(Stored records)
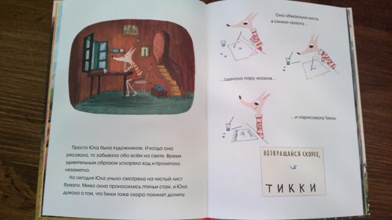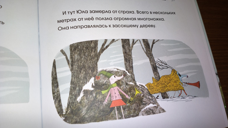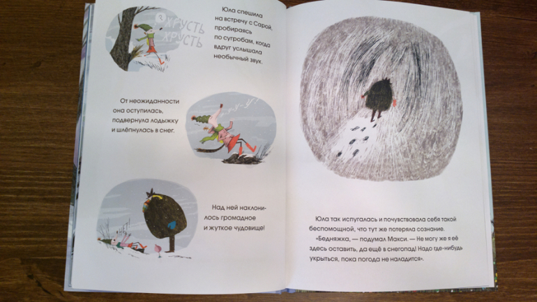 Книга подойдёт для читающих детей: здесь есть и реплики, оформленные в виде комиксов, а есть и слова автора. Взрослый может читать основной текст, а ребёнок реплики героев.
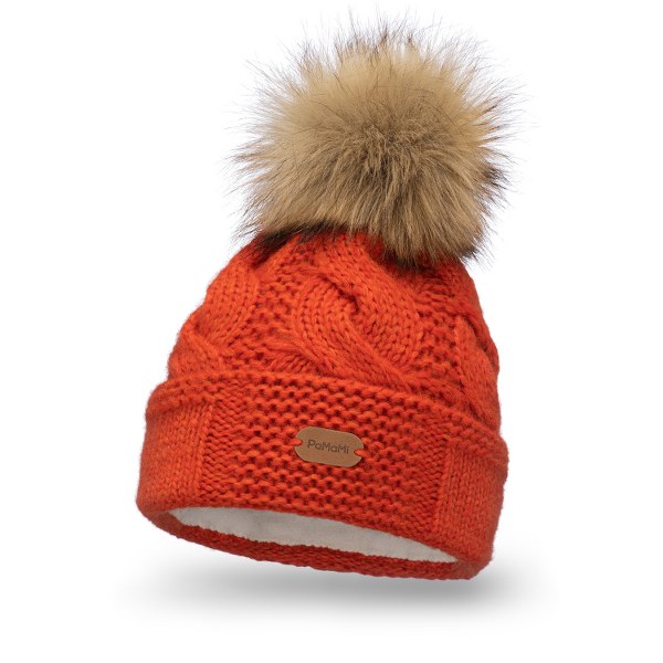 Pomarańczowy komplet damski na zimowe dni składający się z klasycznej czapki z wywinięciem i futerkowym pomponem oraz komina do owinięcia na dwa razy. Czapka jest podszyta miękkim polarem, zapewniając dodatkowe ciepło i komfort. Idealny wybór na zimowe spacery, kiedy chcesz wyglądać elegancko i czuć się przytulnie. Komplet wykonany z mieszanki - 51% wełna jagnięca, 49% bawełna.
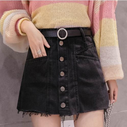 Kurzer Jeansrock Mit Gurtel Und Knopfen Black Denim
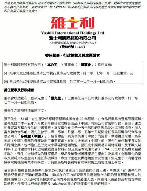 在本次任命前,张平是雅士利的非执行董事、审核委员会成员;在2014年5月加入雅士利前,他担任内蒙蒙牛分管财务方面的副总裁。
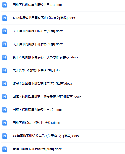 | 40份读书日国旗下讲话最新整理版【高清可编辑打包】 | |
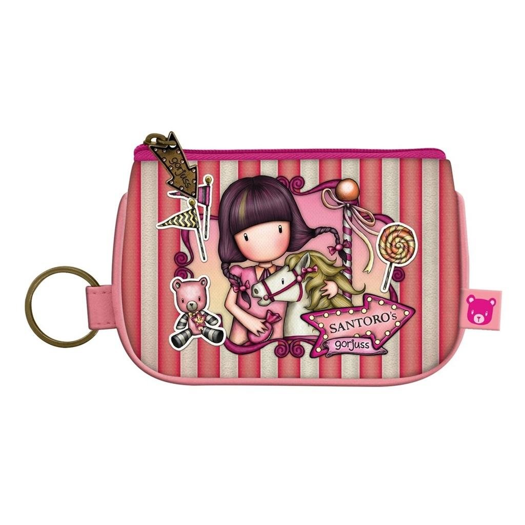 Portmonetka na Suwak, Brelok - Gorjuss - CarouselFantastyczna seria Carousel ozdobiona jest dziewczynką Gorjuss z uroczym konikiem utrzymana w słodkich różowych kolorach. Na odwrocie fajerwerki, kolorowe girlandy, cukrowa wata - wszystko co znajdziemy w wesołym lunaparku.Mała portmonetka,...
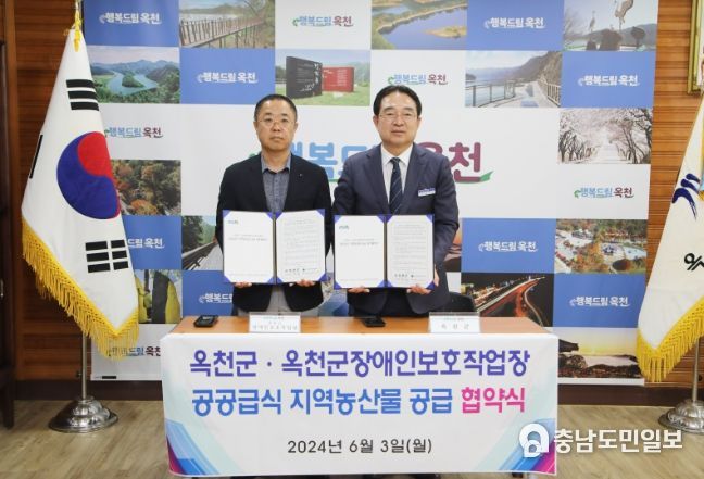 (충남도민일보 / TV / 김천호기자) 옥천군은 3일 옥천군 장애인보호작업장과 공공급식 지역농산물 공급 협약을 했다.
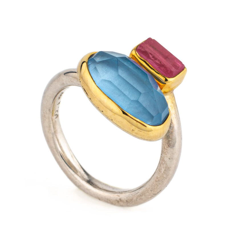 Δαχτυλίδι Τουρμαλίνη και Aqua Marine – Χρυσό 18Κ και Ασήμι 925
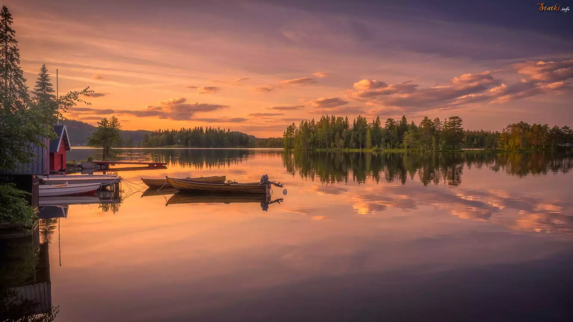 Statek Norwegia, Ringerike, Jezioro, Las, Łódki, Zachód słońca
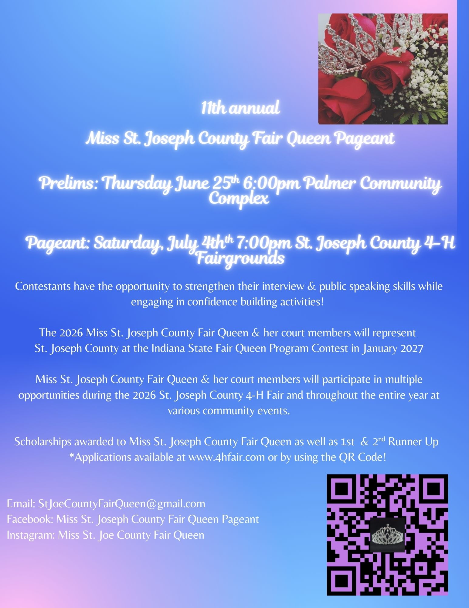 2026 Miss St. Joseph County Fair Queen Pageant Application: https://forms.gle/a6S4YtnVftyBRBja6
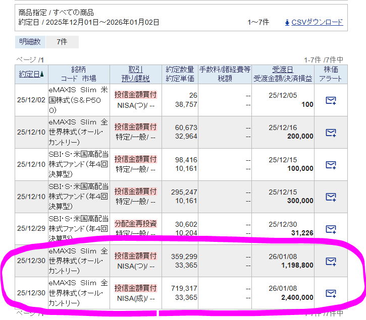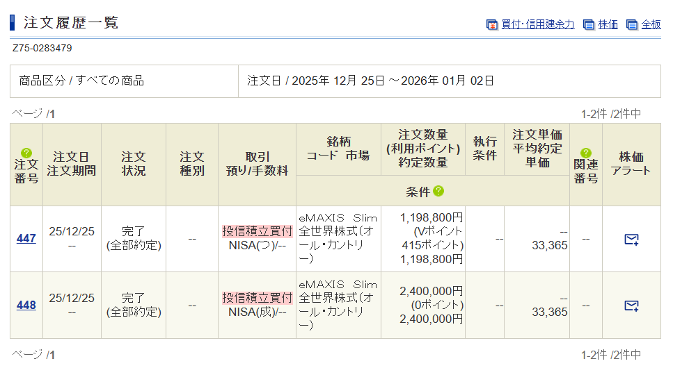 また、2026年の新NISAの一括投資買付も年末に完了させました。
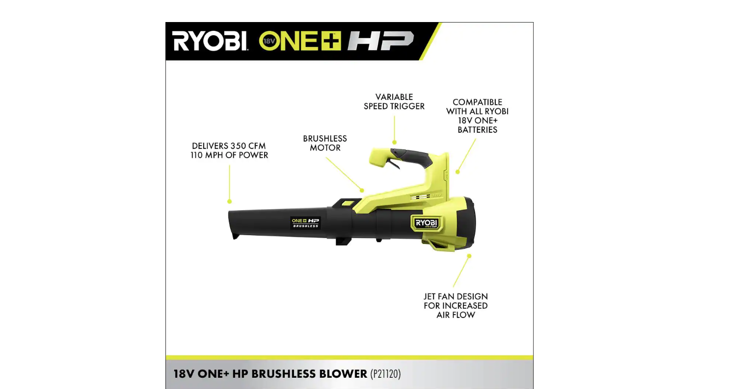 RYOBI P21012BTLVNM ONE+ HP 18V Brushless 110 MPH 350 CFM Cordless Variable-Speed Jet Fan Leaf Blower (Tool Only)

What is expected> Transcribe nothing but the lines from the one containing "Kurzer Jeansrock Mit" through the final line of the records, exactly as written and without pictures.

Your solution>
 Kurzer Jeansrock Mit Gurtel Und Knopfen Black Denim
 在本次任命前,张平是雅士利的非执行董事、审核委员会成员;在2014年5月加入雅士利前,他担任内蒙蒙牛分管财务方面的副总裁。
 | 40份读书日国旗下讲话最新整理版【高清可编辑打包】 | |
 Portmonetka na Suwak, Brelok - Gorjuss - CarouselFantastyczna seria Carousel ozdobiona jest dziewczynką Gorjuss z uroczym konikiem utrzymana w słodkich różowych kolorach. Na odwrocie fajerwerki, kolorowe girlandy, cukrowa wata - wszystko co znajdziemy w wesołym lunaparku.Mała portmonetka,...
 (충남도민일보 / TV / 김천호기자) 옥천군은 3일 옥천군 장애인보호작업장과 공공급식 지역농산물 공급 협약을 했다.
 Δαχτυλίδι Τουρμαλίνη και Aqua Marine – Χρυσό 18Κ και Ασήμι 925
 Statek Norwegia, Ringerike, Jezioro, Las, Łódki, Zachód słońca
 2026 Miss St. Joseph County Fair Queen Pageant Application: https://forms.gle/a6S4YtnVftyBRBja6
 また、2026年の新NISAの一括投資買付も年末に完了させました。
 RYOBI P21012BTLVNM ONE+ HP 18V Brushless 110 MPH 350 CFM Cordless Variable-Speed Jet Fan Leaf Blower (Tool Only)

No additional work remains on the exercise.